◆ **To do**
Under this line are the records; repeat exactly the lines starting at the one containing "With a click" and ending at the one containing "Tilltalande trea en", omitting pictures.

*** The records Section Begins ***

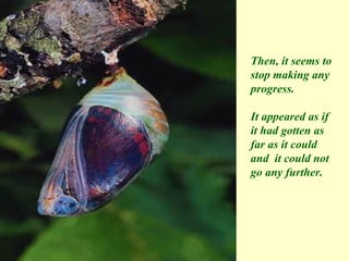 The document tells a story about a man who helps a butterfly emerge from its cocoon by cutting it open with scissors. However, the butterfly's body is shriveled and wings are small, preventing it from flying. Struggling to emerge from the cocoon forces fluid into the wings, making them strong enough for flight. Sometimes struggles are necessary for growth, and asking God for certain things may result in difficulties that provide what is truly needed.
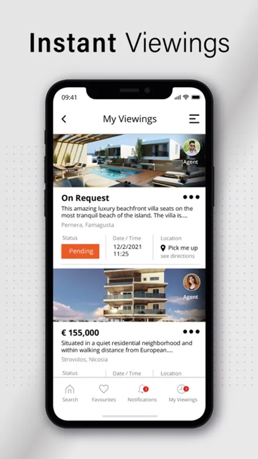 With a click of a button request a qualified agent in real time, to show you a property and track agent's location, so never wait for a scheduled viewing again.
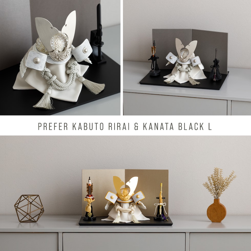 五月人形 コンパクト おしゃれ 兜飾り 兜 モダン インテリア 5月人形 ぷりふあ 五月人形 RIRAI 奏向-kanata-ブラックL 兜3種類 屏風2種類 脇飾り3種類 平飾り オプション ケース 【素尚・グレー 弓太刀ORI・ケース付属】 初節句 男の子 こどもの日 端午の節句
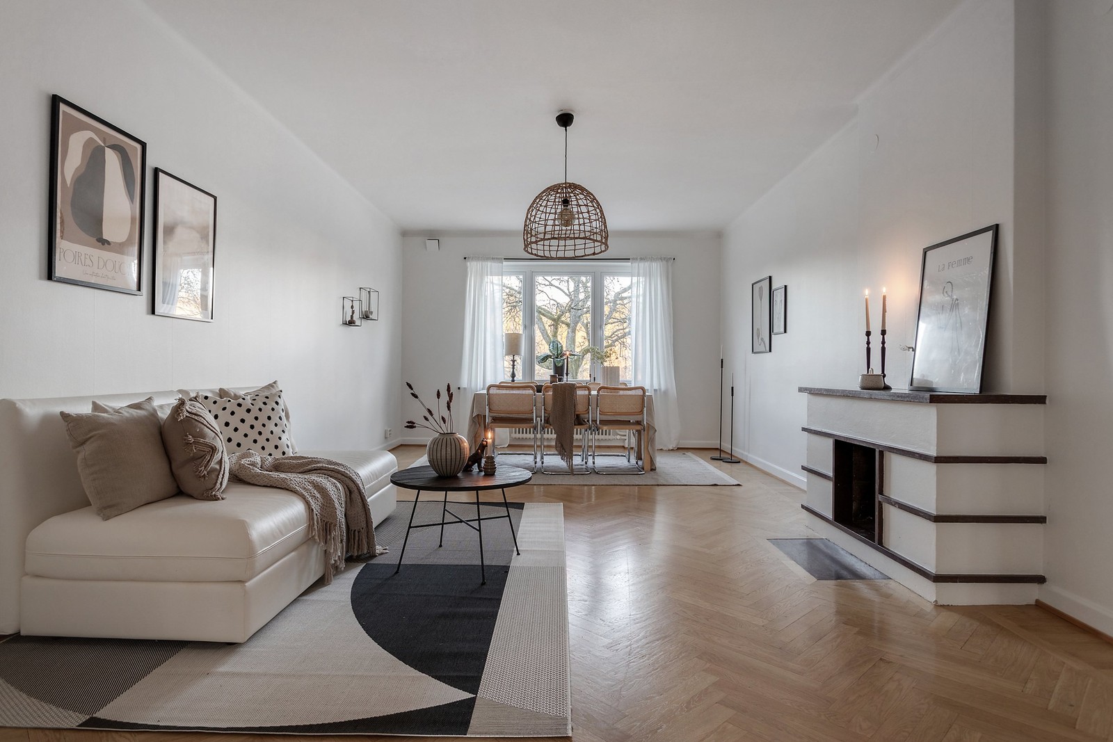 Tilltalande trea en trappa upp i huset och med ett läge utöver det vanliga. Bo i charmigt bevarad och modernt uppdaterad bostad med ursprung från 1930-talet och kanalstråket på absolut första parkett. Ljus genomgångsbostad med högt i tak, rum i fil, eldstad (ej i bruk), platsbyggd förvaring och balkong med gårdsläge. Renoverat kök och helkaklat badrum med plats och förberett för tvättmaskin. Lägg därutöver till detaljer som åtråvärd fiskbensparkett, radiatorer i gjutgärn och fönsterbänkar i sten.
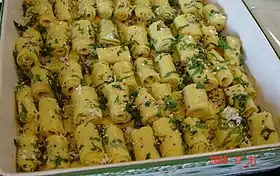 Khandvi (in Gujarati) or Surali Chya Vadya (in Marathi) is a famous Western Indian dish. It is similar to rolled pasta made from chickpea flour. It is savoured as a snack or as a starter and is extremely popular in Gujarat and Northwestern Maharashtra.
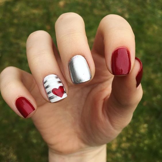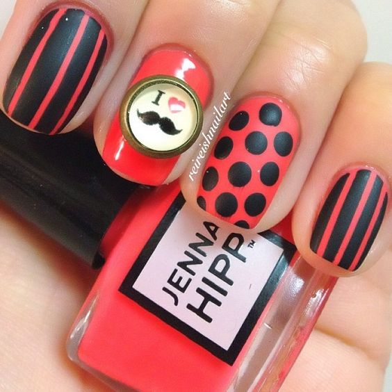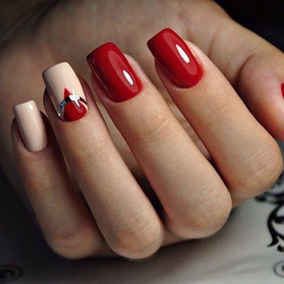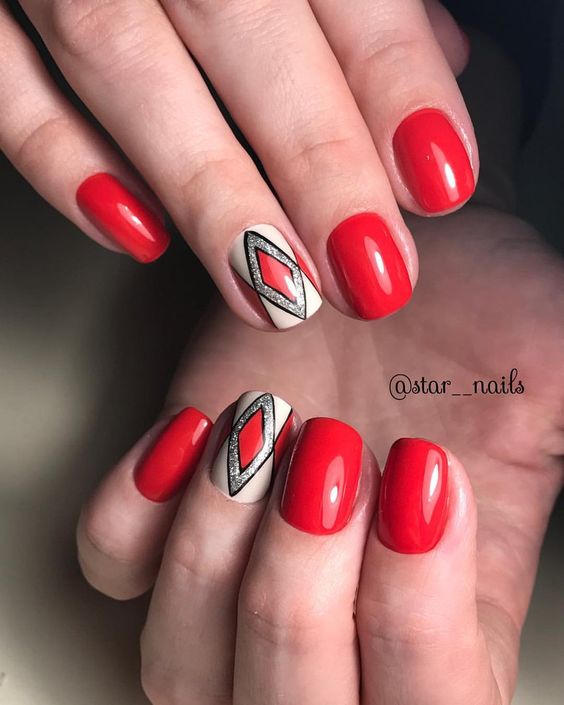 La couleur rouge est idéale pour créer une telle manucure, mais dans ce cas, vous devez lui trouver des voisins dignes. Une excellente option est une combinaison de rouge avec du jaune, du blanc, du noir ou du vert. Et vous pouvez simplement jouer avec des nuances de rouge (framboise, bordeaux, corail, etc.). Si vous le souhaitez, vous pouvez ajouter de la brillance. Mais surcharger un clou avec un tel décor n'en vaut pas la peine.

*** The records Section Ends ***

◆ **Response to the exercise**
 With a click of a button request a qualified agent in real time, to show you a property and track agent's location, so never wait for a scheduled viewing again.
 五月人形 コンパクト おしゃれ 兜飾り 兜 モダン インテリア 5月人形 ぷりふあ 五月人形 RIRAI 奏向-kanata-ブラックL 兜3種類 屏風2種類 脇飾り3種類 平飾り オプション ケース 【素尚・グレー 弓太刀ORI・ケース付属】 初節句 男の子 こどもの日 端午の節句
 Tilltalande trea en trappa upp i huset och med ett läge utöver det vanliga. Bo i charmigt bevarad och modernt uppdaterad bostad med ursprung från 1930-talet och kanalstråket på absolut första parkett. Ljus genomgångsbostad med högt i tak, rum i fil, eldstad (ej i bruk), platsbyggd förvaring och balkong med gårdsläge. Renoverat kök och helkaklat badrum med plats och förberett för tvättmaskin. Lägg därutöver till detaljer som åtråvärd fiskbensparkett, radiatorer i gjutgärn och fönsterbänkar i sten.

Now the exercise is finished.